1Afterward Moses and Aaron went to Pharaoh and said, “Thus says the LORD, the God of Israel, ‘Let my people go, so that they may celebrate a festival to me in the wilderness.'” 2But Pharaoh said, “Who is the LORD, that I should heed him and let Israel go? I do not know the LORD, and I will not let Israel go.” 3Then they said, “The God of the Hebrews has revealed himself to us; let us go a three days’ journey into the wilderness to sacrifice to the LORD our God, or he will fall upon us with pestilence or sword.” 4But the king of Egypt said to them, “Moses and Aaron, why are you taking the people away from their work? Get to your labors!” 5Pharaoh continued, “Now they are more numerous than the people of the land and yet you want them to stop working!”6That same day Pharaoh commanded the taskmasters of the people, as well as their supervisors, 7“You shall no longer give the people straw to make bricks, as before; let them go and gather straw for themselves. 8But you shall require of them the same quantity of bricks as they have made previously; do not diminish it, for they are lazy; that is why they cry, ‘Let us go and offer sacrifice to our God.’ 9Let heavier work be laid on them; then they will labor at it and pay no attention to deceptive words.”

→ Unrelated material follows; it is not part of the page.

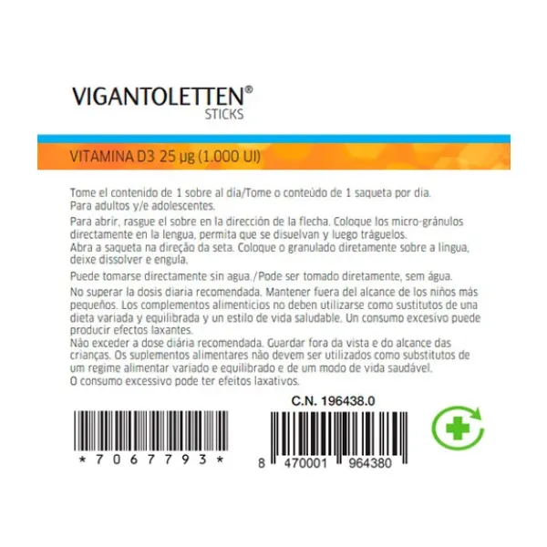 Vigantoletten Vitamina D3 viene en un formato de stick que aporta 25 mcg (1000 UI) de vitamina D3.

Pay attention, here, cause this is empire 101. You see, for empire to work, you have to have an enemy. And if you don’t have an external enemy, an internal one will do nicely. It’s good if you have some kind of foreigner/outsider that you can blame for all of your problems. And it’s good if you can sully their character in some way. “Lazy” is an easy one on that front. It’s especially useful if you call them “lazy” while they’re doing the jobs the insiders don’t want to do. Oh, and if you take away the means for them to do the work efficiently so that you can blame their character defect for their lack of efficiency? Golden!
Some things never change. The powerful will use rhetoric to pit the weak against the weaker. How different was the plight of the Egyptian underclass from that of the Hebrews? Irrelevant. They are outsiders and are naturally the cause of all of the problems. “Othering” is a powerful tool in the hands of the empire. Divide and conquer. Tear down those who are unlike you so that you can eat the scraps from the emperor’s table.
Of course, I’m talking about “other” people who do the othering. I’m a progressive man with incredibly liberal sensibilities. I couldn’t be guilty of such heinousness. Except, we good liberals do it too. We look down our noses at people we see as uneducated and intolerant. We love to look more enlightened and sophisticated. We point our fingers at the ignorant rubes who fall for the populist rhetoric of the day. And we neglect the work of building bridges across differences when those differences begin to feel insurmountable. God, forgive us. God forgive me. I do my own scapegoating. I look at those who I imagine have been responsible for bringing the cultural climate down to the lowest common denominator and I resent them. I blame them for the way things are. May I take the time to hear their fears and know their anxieties.